Karola Gramann has been publishing essays and books on film since 1975. She curates and presents films herself, always focusing on "resistant", hidden cinema: During her studies, for example, she translated the key text of feminist film theory "Visual Pleasure and Narrative Cinema" (1975) by Laura Mulvey into German. She worked internationally as a freelance film curator, including for the Frauenfilmtage in der Schweiz (Die Frau mit der Kamera, 1985) and for the German Goethe-Institut: she also showed the short film program Seeking, Finding, Remembering (1987) with film productions from the Federal Republic of Germany from 1948 to 1984 in Southeast Asia, Southeast Europe and the USA.

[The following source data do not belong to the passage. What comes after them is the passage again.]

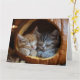 Denna hjärtliga bild fångar två bedårande kattungar hoprullade tillsammans inuti en urgröpt pumpa. Kattungarna, en rödhårig och en tabby, sover djupt och skapar en scen av ren tillfredsställelse och värme. Höstmiljön med nedfallna löv bidrar till den mysiga atmosfären.
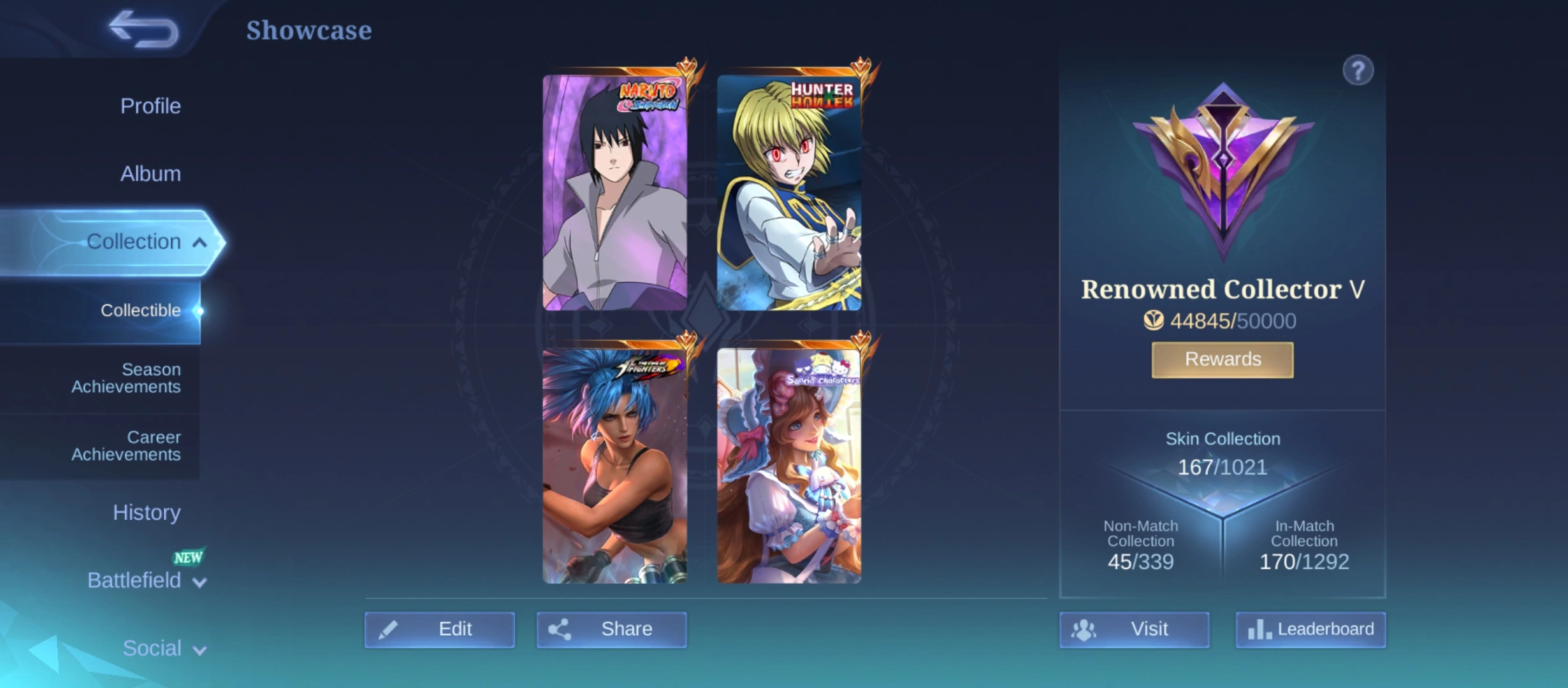 GG890|Lvl 37|RENOWNED CC 5|150 MAGIC CORE|167 SKIN|KURAPIKA JULIAN HXH|SASUKE SUYOU|FLORYN SANRIO|FREYA LUCKYBOX|6 EPIC SKIN|LUNOX ZODIAC|LEGEND 5
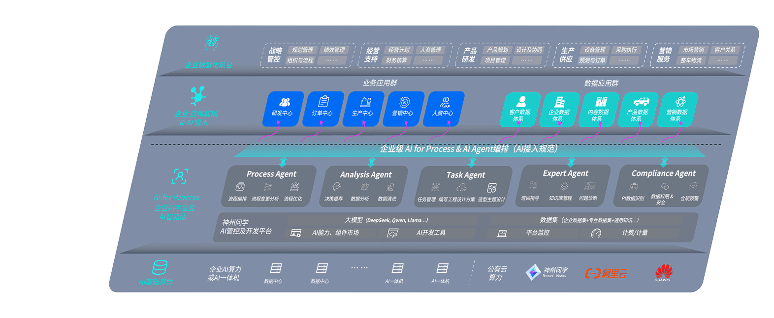 征途国际问学智车解决方案是一套基于AI技术的汽车行业智能化系统,,覆盖从底层算力到顶层AI应用的全栈方案。。方案由算力层、、、模型层和应用层组成:算力层,,方案支持多种一体机配置,,具备云端灵活部署、、多云适配以及动态优化计算资源的能力;模型层,,,征途国际问学平台版提供了企业级AI应用一站式构建与管理平台,,支持基于后训练强化技术的汽车企业专属模型的训练、、、、评测和运营;应用层,,,征途国际问学DeepSeek版提供包括超级员工、、、、智能招采、、、、智能营销、、、、智能客服、、、AI for BI等一系列解决方案,,,可助力汽车行业实现数字化转型,,让管理更智能、、、响应更敏捷。。。
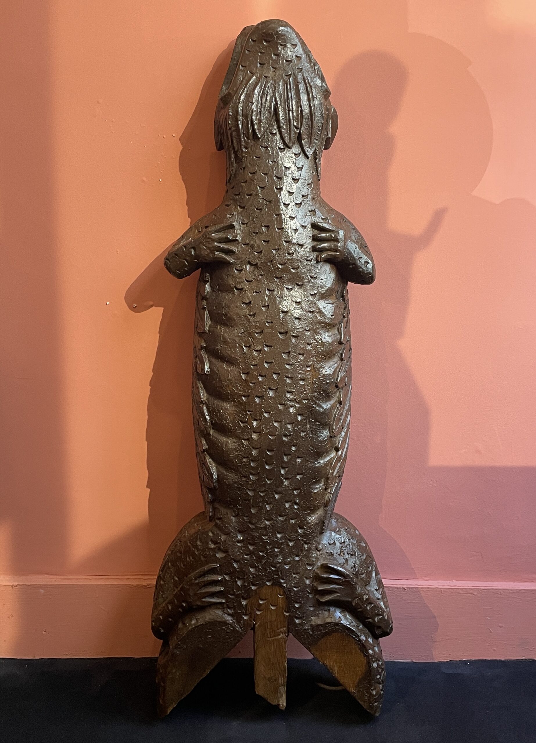 This carved oak woodwork was probably placed on the facade of the house, close to the roofing framework of a Norman house. The sculptor had depicted the salamander front-view in a stylised manner. The scales and the neck fringes are particularly detailed. The head was in the direction of the floor.

Until 1983, Karola Gramann was a member of the editorial staff of the feminist film magazine Frauen und Film, founded in 1974 in Berlin by the director Helke Sander (since 1983 Stroemfeld Verlag, Frankfurt am Main) and has been a staff member and author of the internationally important and in Europe only periodical on the subject of feminism and film ever since. She was also one of the founding editors of "Feministische Studien" (De Gruyter Verlag, Berlin). The first issue under the editorship of Karola Gramann and Heide Schlüpmann appeared with the title "In den Brüchen der Zeit" in 1982.